Imagine being a Rhodes Scholar, a Columbia graduate with neuroscience training and completed humanities coursework as well as a later graduate of the University of Cambridge. Imagine after writing books, articles and magazines, you are contracted to write for The New Yorker. You are so accomplished that your name is familiar among other scholars and you are frequently asked to give talks. But then imagine making a few mistakes. These few mistakes caused the public to erupt in outrage, shaming you, defiling your reputation, destroying your career and leaving you emotionally scarred. You are ashamed and mortified, willing to make amends, but the public isn’t so forgiving. What was the mistake? Fabricating sources.

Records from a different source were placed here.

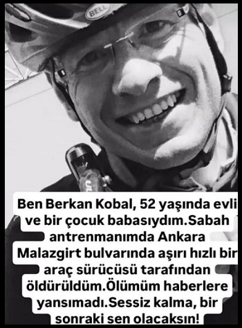 Ankara’da Triatlon sporcusu olan, halamın oğlunun çocuğu, aynı zaman’ da Orhan Kobal’ın yeğeni ve 52 yaşında, bir çocuk babası olan Berkan Kobal; Ankara’ da sabah bisiklet antrenmanı sırasında hızlı gelen, eğitimsiz, cahil ve aşırı hız yapan, şoförün kullandığı bir aracın çarpması sonucu yaşamını yitirdi. Acımız çok büyük.
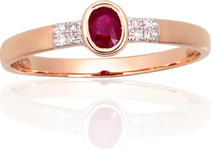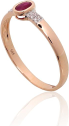 Zelta gredzens #1101144(Au-R+PRh-W)_DI+RB, Sarkanais Zelts 585°, rodijs (pārklājums), Briljanti (0,024Ct), Rubīns (0,268Ct), Izmērs: 16, 1.18 gr.
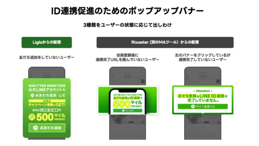 友だちではないユーザーがECサイトを訪れる際、Liglaを使ってID連携を促すポップアップを表示させ、ユーザーのID連携の状態に応じて、ユーザーのID連携の状況に合わせてリッチメニューを出し分けしました。
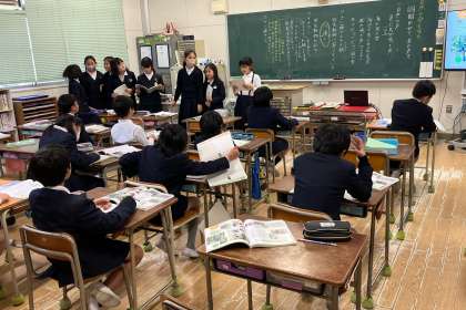 人間と自然の生き物が、共に生きる社会をつくるために、大切なことを考えました。授業の終わりに、その考えを発表しました。
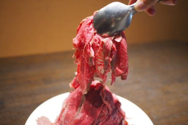 掴み取りをしたローストビーフはお皿に盛って、その場で食べることができるようになっています。特製のソースや岩塩、わさびをつけて楽しむことができるようになっています。
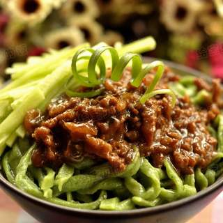 原料:面条、肉沫、黄瓜丝、葱末、蒜末、黄豆酱、生抽。
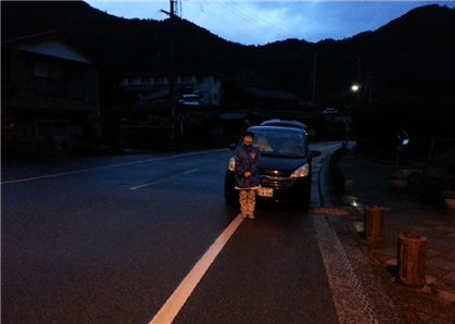 2.5km 내리막길을 30분 내로 내려간다. 할 수 있지. 내려가면서 스이바시를 비롯한 멋진 정경이 펼쳐진다. 아름답게 굴곡진 산하가 내 눈앞에 펼쳐져 있다. 그리고 이어 만나는 에미 상. 목소리가 참 고우시다. 차 안에서, 운전하시면서도 내가 하는 말을 경청하시면서 차분하게 대응하신다. 어쩜, 이렇게 말하기가 편할까?그런데, 에미 상은 감기가 들었는지 목소리가 약간 쉬었고, 기침도 간혹 하신다. 내가 다 미안하다. 전날 숙소에 머문 손님들을 접대하느라고 애쓰셔서 오늘은 쉬시려고 했는데, 괜히 나 때문에 쉬시지도 못한다고 생각하니까 미안한 마음이 절로 인다. 다행히, 저녁 식사는 안 하고 아침만 먹기로 했으니까 그나마 미안한 마음은 조금 가시긴 했다. 그래도 사람을 대한다는 게 얼마나 힘든 일인가? 그냥 사무적으로 대하는 비즈네스 호텔과는 차원이 다르기 때문에 그 힘든 것을 안다.

This is not a hypothetical situation. It is actually the case of the writer Jonah Lehrer whose excessive recycling of old works and intentional fabrications of sources destroyed his career. He was found to have faked quotes from Bob Dylan and written books with significant portions recycled from previous works. He was a scholar with an impressive line of accomplishments, but his whole career went down the drain because he missed a lesson or two on the importance of accurate and cited sources.
Despite the seriousness of this specific case, his story could easily be anyone else’s. It could have been Donald Trump’s when he falsely suggested of a terrorist attack in Sweden. It could have been that of the news outlets that misconstrue findings of scientific studies. And, it could be you, a college student stressing over the ten page research paper that you have no time to write for, resulting in you desperately making up facts. As college students, I think we’re tired of hearing our teachers lecture us on the importance of correctly using and citing sources. We’ve been hearing it every single year since our first cited paper in middle school. We have the citation formats ingrained in our minds and we are familiar with an extensive list of scholarly databases. However, constant exposure sometimes makes us immune to the dangers. We have to continuously remind ourselves of the power of our voices, especially if we are faces of the media.
Take the case of Donald Trump’s recent error — falsely claiming that there was a terrorist attack in Sweden. Whether this was the result of misinformation or a purposeful attempt to misconstrue the facts, it caused a riot in Sweden, a confused tweet from the former Prime Minister of Sweden and uninformed supporters still thinking there actually was a terrorist attack. However, unlike Johan Lehrer, Trump still has his reputation, he still has his job and he still is spreading false information. Not many have his privilege.
Problems with sources are also found in the science coverage in popular media outlets. For example, Time magazine published a story on July 11, 2014, “Scientists Say Smelling Farts Might Prevent Cancer”, referencing to a scientific study that mentioned neither the words fart nor cancer. The magazine later corrected itself (so the link to the corrected article only exists), but it is still getting calls about its publication on farts. This is just one of many scientific studies that were misinterpreted or manipulated to satisfy media’s tendencies to sensationalize information.
Video by John Oliver on LastWeekTonight discussing how media distorts scientific studies.
In college, it’s easy to be complacent with poor source-checking habits. After all, we are mostly writing for a grade and the chances that a professor would fact check your paper, out of the possibly hundreds he or she has to read, is low. However, it's important to remember that bad habits are the prerequisites for future mistakes. It’s important to be aware, informed, conscious and careful of your sources because while right now it may mean a zero on your research paper, in the future it could mean damaging public audiences, or worse, a horrific end to your professional life.